I'll add more after work!


----------



## Jess <3 (Jan 23, 2014)

Aw, they're all so adorable!!! Some really nice markings between them and Scootaloo has the sweetest little face!


----------



## Awaiting_Abyss (Jul 24, 2012)

Scootaloo is sweet, but she likes to nibble fingers. Sweetie Belle is the sweetest of all. Apple Bloom is a little shy, but still sweet.The boys and other three girls (haven't added pictures of the other three girls yet) are a bit less tame, but they are all getting tamer.Socrates is the sweetest boy, because my husband spoils him.


----------



## Daddas1Punkin (Jan 24, 2014)

My faves, are Apple Bloom, and TOTALLY 100% Scootalo!


----------



## Awaiting_Abyss (Jul 24, 2012)

More pictures!

Aristotle, Cicero and Scootaloo.









Aristotle and Socrates.









Archimedes, Celestia (the beige bareback girl), Sweetie Belle and Apple Bloom.

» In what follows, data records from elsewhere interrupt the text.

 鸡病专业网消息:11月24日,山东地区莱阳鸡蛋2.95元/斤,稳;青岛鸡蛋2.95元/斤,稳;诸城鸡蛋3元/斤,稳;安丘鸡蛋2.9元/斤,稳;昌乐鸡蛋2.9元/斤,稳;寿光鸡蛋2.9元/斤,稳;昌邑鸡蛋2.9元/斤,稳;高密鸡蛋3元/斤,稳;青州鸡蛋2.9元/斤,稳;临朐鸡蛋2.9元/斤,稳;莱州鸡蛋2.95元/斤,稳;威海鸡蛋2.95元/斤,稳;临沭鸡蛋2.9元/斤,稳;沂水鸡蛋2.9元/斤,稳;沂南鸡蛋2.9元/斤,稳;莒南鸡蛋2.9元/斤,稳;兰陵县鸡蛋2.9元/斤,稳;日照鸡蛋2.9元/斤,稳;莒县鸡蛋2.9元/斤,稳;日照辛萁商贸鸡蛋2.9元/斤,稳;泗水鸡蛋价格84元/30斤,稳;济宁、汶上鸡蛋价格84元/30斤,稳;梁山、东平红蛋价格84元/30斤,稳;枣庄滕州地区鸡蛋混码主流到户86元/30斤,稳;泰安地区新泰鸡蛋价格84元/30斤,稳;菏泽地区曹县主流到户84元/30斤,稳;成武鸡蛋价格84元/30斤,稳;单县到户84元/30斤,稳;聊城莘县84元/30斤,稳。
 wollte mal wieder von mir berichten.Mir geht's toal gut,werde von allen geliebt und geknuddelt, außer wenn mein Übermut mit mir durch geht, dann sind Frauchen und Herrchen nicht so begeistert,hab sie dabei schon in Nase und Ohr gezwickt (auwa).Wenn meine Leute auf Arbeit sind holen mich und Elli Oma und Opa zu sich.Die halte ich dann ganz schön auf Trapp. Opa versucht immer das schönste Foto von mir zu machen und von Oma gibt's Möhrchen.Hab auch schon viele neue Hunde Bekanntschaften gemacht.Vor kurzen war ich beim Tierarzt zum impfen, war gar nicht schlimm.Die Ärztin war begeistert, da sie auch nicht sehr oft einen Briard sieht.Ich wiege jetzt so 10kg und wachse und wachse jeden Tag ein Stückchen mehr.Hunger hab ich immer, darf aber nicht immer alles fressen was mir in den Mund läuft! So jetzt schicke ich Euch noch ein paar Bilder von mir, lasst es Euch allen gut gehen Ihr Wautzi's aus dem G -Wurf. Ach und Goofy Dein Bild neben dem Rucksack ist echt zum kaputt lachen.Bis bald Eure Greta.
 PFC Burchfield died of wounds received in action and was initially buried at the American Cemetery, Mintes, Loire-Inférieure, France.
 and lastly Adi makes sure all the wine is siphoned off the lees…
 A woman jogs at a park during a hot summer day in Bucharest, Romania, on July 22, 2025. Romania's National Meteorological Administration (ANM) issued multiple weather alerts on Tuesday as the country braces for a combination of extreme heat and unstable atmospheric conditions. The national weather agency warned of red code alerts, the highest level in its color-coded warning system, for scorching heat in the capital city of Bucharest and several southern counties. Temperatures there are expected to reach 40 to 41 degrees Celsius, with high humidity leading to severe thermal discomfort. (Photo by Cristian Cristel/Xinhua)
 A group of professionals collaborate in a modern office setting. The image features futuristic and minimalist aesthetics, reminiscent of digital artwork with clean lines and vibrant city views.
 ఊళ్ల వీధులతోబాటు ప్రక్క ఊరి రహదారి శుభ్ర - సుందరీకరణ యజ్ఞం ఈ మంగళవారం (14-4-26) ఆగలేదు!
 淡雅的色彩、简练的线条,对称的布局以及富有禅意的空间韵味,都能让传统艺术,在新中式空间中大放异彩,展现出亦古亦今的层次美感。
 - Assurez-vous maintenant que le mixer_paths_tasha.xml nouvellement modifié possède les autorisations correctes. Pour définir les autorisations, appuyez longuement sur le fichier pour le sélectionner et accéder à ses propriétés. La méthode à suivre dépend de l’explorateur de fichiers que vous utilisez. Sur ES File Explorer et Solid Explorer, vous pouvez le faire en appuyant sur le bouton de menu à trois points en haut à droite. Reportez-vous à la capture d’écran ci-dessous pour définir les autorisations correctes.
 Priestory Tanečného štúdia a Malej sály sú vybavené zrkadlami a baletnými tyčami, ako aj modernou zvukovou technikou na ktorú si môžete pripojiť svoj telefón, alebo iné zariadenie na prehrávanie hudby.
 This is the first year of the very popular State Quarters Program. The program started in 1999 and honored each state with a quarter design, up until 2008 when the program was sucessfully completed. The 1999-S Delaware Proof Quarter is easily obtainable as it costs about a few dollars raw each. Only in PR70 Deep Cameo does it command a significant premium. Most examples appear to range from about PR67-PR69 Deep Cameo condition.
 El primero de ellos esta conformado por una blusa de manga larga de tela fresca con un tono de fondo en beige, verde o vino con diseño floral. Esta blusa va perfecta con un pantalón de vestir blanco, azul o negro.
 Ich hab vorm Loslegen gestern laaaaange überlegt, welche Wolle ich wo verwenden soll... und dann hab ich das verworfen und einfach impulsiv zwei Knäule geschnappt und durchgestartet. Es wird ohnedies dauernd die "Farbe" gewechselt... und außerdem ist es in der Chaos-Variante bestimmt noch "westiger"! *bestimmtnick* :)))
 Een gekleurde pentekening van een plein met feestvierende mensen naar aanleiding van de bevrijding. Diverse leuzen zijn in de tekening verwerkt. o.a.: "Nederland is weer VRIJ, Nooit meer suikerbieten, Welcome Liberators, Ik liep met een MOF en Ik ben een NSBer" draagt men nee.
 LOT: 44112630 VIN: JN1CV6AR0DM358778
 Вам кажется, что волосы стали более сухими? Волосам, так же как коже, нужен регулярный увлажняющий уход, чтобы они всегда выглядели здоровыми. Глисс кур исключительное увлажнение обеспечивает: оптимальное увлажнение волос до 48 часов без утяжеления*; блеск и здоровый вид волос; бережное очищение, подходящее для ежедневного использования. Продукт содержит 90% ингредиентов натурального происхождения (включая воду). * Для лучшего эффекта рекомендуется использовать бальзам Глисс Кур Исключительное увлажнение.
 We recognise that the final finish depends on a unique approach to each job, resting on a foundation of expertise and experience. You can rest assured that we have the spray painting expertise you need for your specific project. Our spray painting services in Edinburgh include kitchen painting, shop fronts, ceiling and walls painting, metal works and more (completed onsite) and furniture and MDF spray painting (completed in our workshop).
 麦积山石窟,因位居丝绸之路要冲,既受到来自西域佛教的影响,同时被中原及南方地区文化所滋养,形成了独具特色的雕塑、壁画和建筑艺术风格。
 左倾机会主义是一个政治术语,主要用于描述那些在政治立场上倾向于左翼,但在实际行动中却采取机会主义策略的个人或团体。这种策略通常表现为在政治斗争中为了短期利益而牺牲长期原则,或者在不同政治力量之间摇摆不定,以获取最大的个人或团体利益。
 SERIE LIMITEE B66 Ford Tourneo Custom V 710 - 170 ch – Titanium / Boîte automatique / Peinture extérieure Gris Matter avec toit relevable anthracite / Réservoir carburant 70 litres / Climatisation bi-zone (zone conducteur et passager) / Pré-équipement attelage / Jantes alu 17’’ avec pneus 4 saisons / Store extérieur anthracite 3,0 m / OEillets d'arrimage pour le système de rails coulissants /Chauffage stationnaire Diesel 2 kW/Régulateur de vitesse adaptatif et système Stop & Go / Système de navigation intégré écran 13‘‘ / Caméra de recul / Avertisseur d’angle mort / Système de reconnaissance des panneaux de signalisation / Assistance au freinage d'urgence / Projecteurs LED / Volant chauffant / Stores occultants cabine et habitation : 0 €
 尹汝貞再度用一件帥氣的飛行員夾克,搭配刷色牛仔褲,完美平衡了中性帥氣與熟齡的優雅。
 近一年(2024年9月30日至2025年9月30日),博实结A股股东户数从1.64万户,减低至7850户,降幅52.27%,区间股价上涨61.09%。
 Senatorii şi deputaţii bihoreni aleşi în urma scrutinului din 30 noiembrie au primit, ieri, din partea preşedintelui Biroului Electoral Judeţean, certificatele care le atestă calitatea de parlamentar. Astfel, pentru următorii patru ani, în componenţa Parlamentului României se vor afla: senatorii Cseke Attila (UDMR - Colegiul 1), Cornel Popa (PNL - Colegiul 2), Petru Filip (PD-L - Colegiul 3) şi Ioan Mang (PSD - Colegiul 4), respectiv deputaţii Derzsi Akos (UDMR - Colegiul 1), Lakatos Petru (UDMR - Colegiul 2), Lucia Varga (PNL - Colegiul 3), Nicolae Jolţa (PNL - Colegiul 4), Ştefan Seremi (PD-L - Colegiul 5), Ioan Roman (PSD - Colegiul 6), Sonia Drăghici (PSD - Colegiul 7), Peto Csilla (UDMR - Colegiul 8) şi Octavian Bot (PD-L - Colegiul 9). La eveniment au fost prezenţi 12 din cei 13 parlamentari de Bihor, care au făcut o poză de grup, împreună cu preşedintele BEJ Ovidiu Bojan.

Sweetie Belle and Cadence (beige? Dove? bareback girl). 









Cadence and Luna (I dunno which is which... they are almost identical except Luna has a spot on her back)









Apple Bloom... with her reflection. 









Luna.











And... I'll add more tomorrow... I have to go to bed.


----------



## Mazlet (Feb 2, 2012)

They are lovely! Quite a mischief!


Sent from Petguide.com Free App


----------



## Awaiting_Abyss (Jul 24, 2012)

Thank you


----------



## Mitsy (Apr 8, 2013)

Soooooo cute I love baby rats.


----------



## Awaiting_Abyss (Jul 24, 2012)

So do I  Makes me wish they would stay babies sometimes.


----------



## KaylaMichelle (Jan 24, 2014)

Aristotle is my favorite!!


----------



## Awaiting_Abyss (Jul 24, 2012)

Well, Archimedes turns out to be a hooded siamese.. He's losing his hood and gaining siamese points.


----------